### YOUR GOAL
Below are the records. Reproduce exactly the lines from the one containing "塚田先生: もちろん教科横断型という意味では「適性検査 型」との共通項はあると思います。でも光塩の「総合型入試」" through the final line, and omit any pictures.
Segment Start: DATA EXTRACT
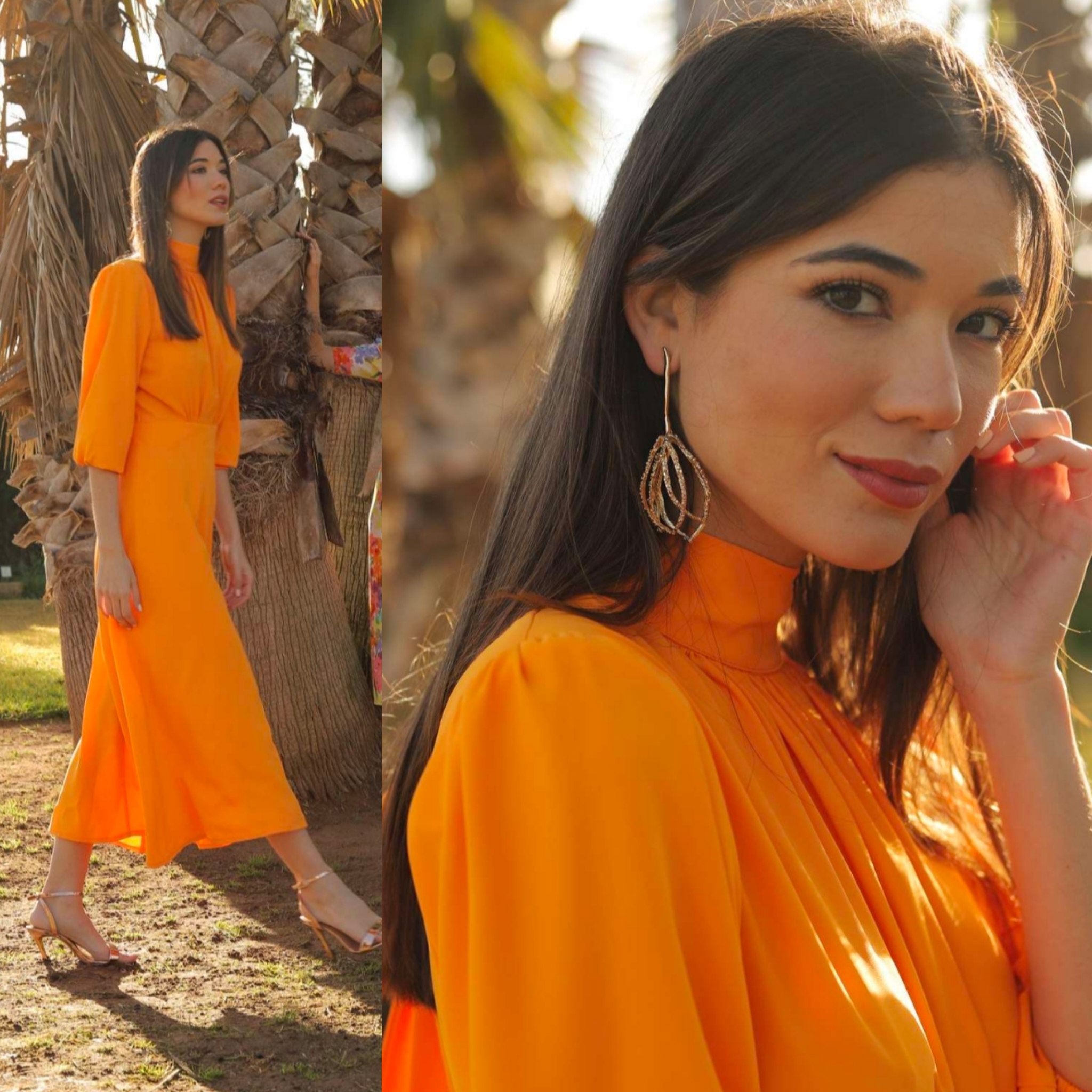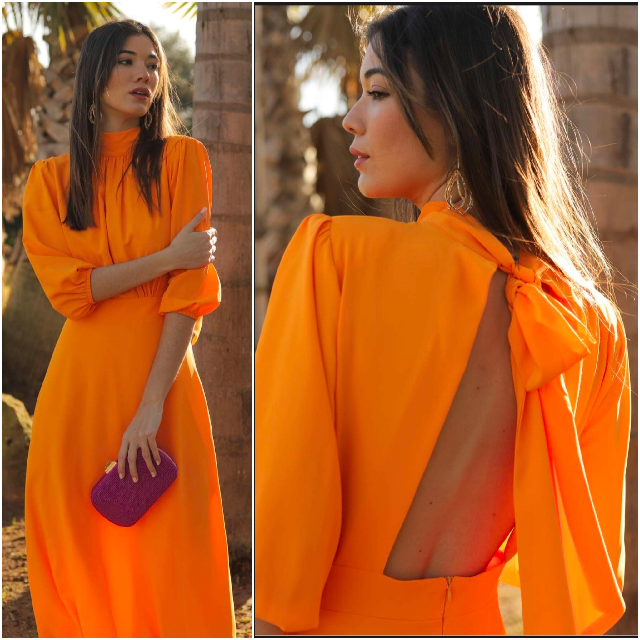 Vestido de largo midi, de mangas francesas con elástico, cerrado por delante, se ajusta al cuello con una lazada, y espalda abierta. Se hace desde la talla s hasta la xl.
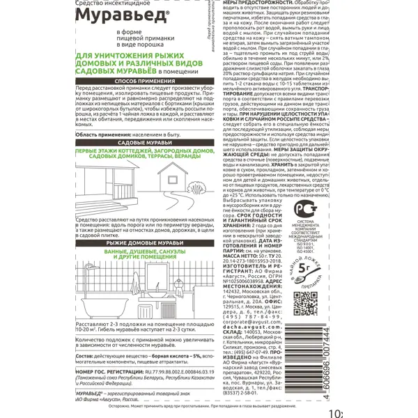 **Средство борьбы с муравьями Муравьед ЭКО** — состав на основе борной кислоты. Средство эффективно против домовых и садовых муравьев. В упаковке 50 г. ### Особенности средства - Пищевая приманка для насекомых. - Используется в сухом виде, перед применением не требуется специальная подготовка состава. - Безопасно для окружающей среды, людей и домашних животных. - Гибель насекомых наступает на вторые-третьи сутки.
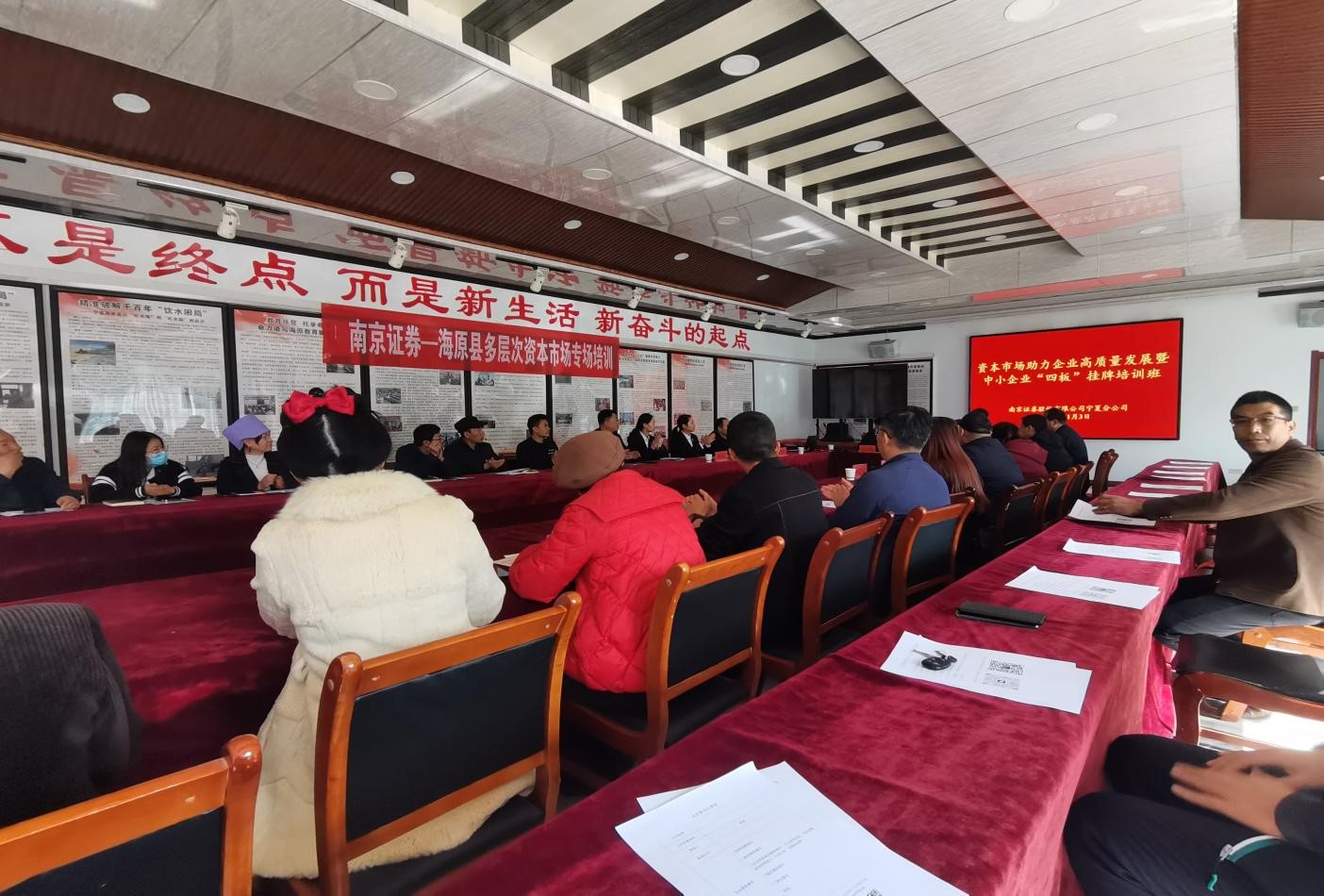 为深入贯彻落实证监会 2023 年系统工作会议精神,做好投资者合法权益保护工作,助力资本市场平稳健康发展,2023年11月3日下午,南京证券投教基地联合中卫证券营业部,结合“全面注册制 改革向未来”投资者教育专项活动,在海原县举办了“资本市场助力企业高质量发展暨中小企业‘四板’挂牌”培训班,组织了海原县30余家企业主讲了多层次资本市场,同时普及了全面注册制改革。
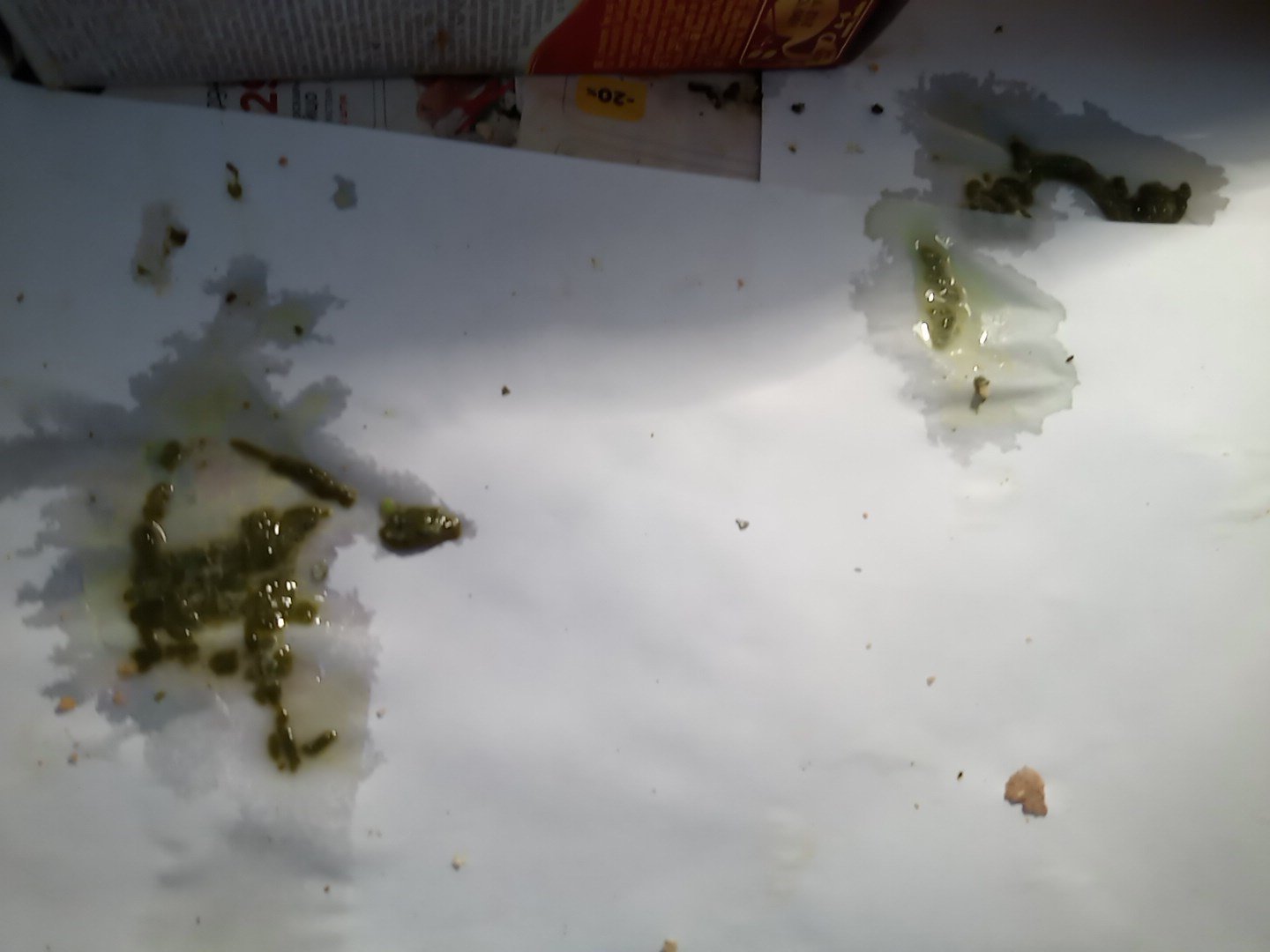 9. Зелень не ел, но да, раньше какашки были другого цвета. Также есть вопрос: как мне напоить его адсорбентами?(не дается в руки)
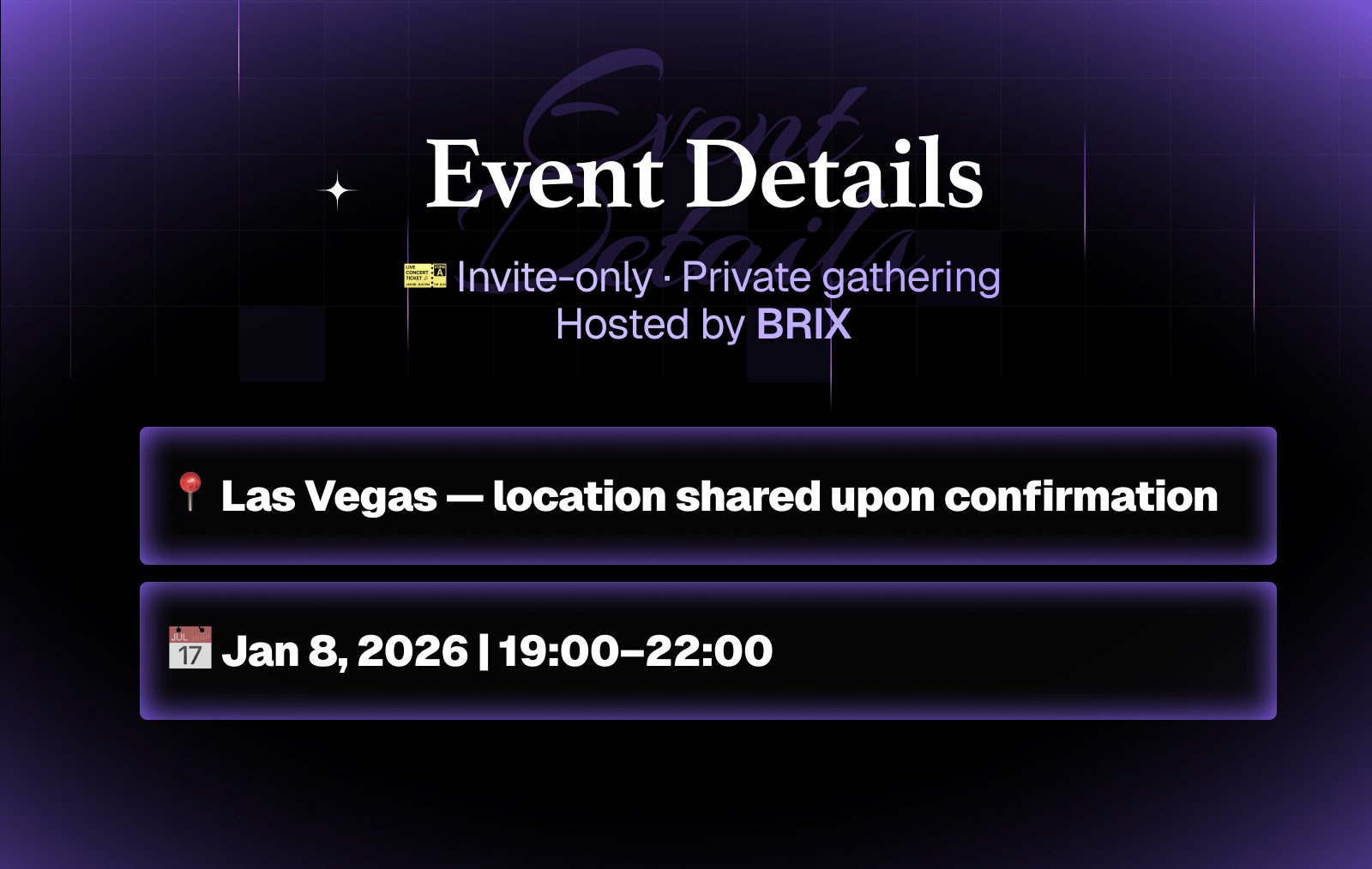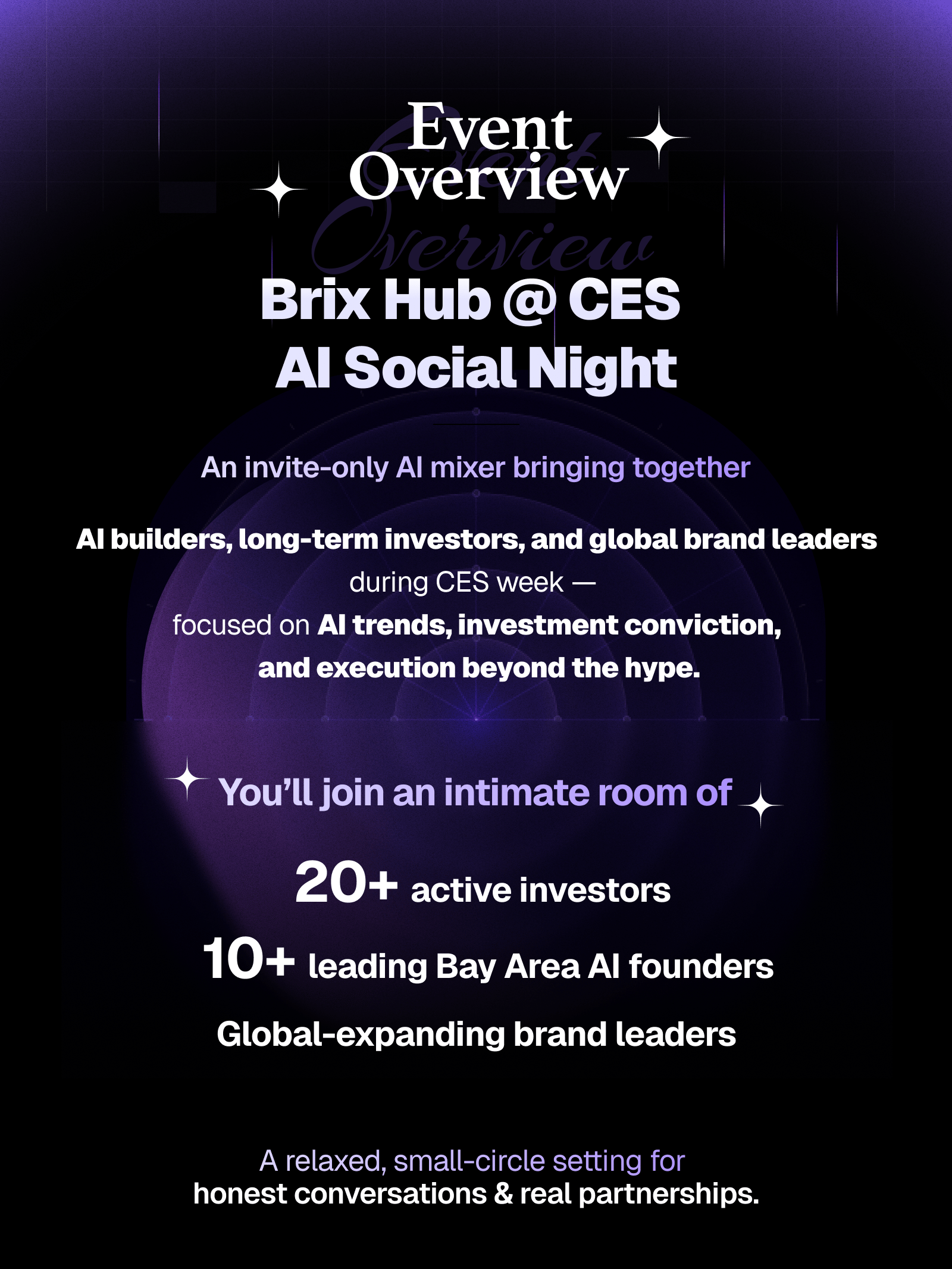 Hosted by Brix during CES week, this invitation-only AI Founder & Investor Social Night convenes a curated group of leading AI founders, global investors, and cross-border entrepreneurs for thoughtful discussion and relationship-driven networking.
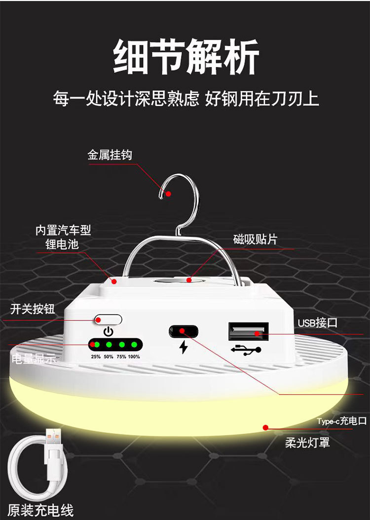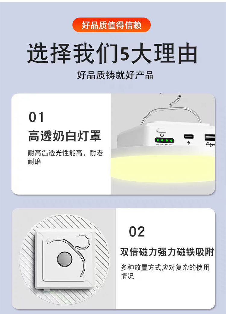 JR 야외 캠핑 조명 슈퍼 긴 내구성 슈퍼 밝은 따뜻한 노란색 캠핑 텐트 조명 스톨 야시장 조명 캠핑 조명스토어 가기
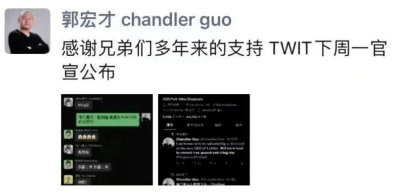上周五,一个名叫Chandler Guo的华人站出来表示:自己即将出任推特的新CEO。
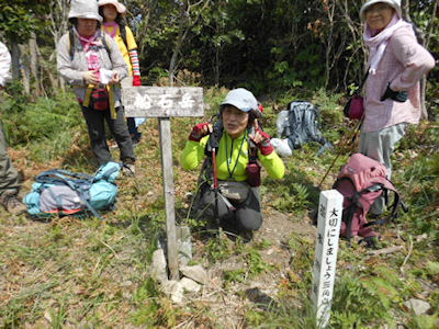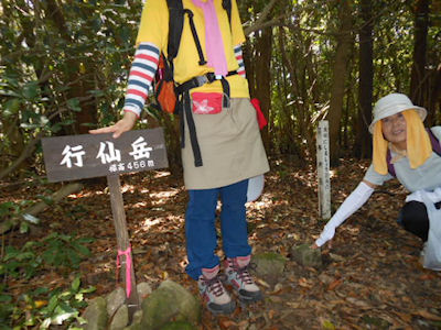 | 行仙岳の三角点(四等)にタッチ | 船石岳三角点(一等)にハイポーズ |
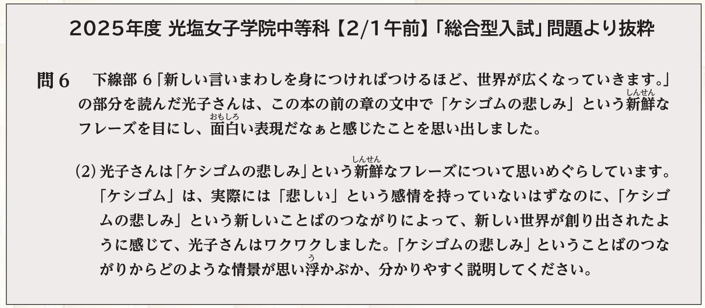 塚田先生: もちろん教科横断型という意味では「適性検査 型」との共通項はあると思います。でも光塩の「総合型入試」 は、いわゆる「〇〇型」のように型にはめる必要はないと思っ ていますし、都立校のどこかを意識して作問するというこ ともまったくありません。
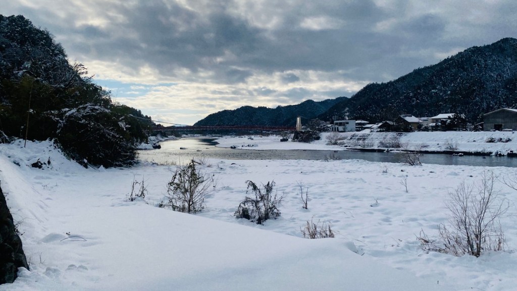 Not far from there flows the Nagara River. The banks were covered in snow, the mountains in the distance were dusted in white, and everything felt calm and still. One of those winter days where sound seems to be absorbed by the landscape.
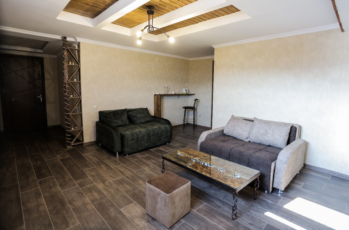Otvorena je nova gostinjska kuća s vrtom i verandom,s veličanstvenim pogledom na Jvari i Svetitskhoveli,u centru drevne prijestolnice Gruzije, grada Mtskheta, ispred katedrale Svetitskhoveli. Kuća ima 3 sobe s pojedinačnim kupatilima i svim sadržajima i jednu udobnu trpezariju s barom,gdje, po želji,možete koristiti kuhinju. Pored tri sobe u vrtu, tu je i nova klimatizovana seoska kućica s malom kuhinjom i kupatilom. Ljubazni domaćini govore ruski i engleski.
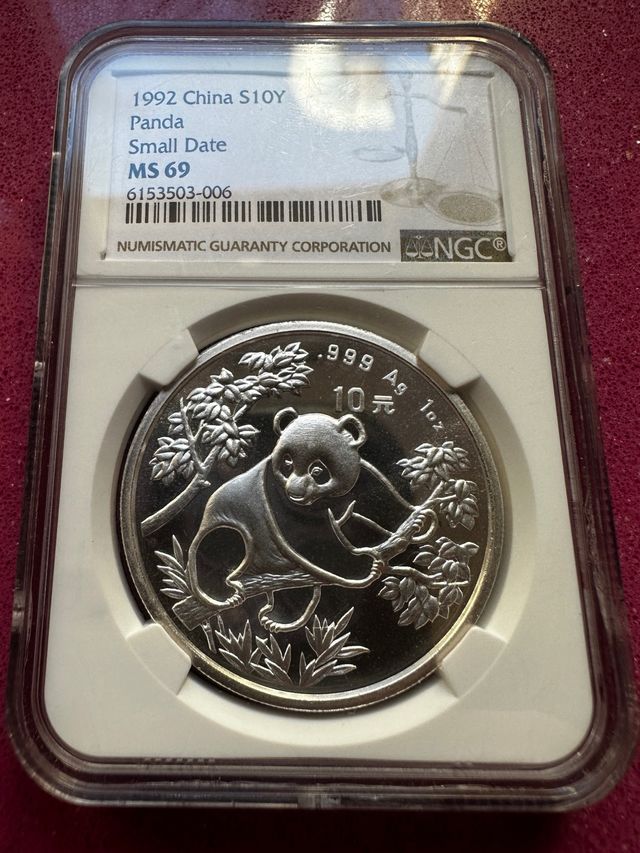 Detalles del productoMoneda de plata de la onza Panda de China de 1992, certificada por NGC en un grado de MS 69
Segment End: DATA EXTRACT
### ANSWER FOR THIS EXERCISE
 塚田先生: もちろん教科横断型という意味では「適性検査 型」との共通項はあると思います。でも光塩の「総合型入試」 は、いわゆる「〇〇型」のように型にはめる必要はないと思っ ていますし、都立校のどこかを意識して作問するというこ ともまったくありません。
 Not far from there flows the Nagara River. The banks were covered in snow, the mountains in the distance were dusted in white, and everything felt calm and still. One of those winter days where sound seems to be absorbed by the landscape.
Otvorena je nova gostinjska kuća s vrtom i verandom,s veličanstvenim pogledom na Jvari i Svetitskhoveli,u centru drevne prijestolnice Gruzije, grada Mtskheta, ispred katedrale Svetitskhoveli. Kuća ima 3 sobe s pojedinačnim kupatilima i svim sadržajima i jednu udobnu trpezariju s barom,gdje, po želji,možete koristiti kuhinju. Pored tri sobe u vrtu, tu je i nova klimatizovana seoska kućica s malom kuhinjom i kupatilom. Ljubazni domaćini govore ruski i engleski.
 Detalles del productoMoneda de plata de la onza Panda de China de 1992, certificada por NGC en un grado de MS 69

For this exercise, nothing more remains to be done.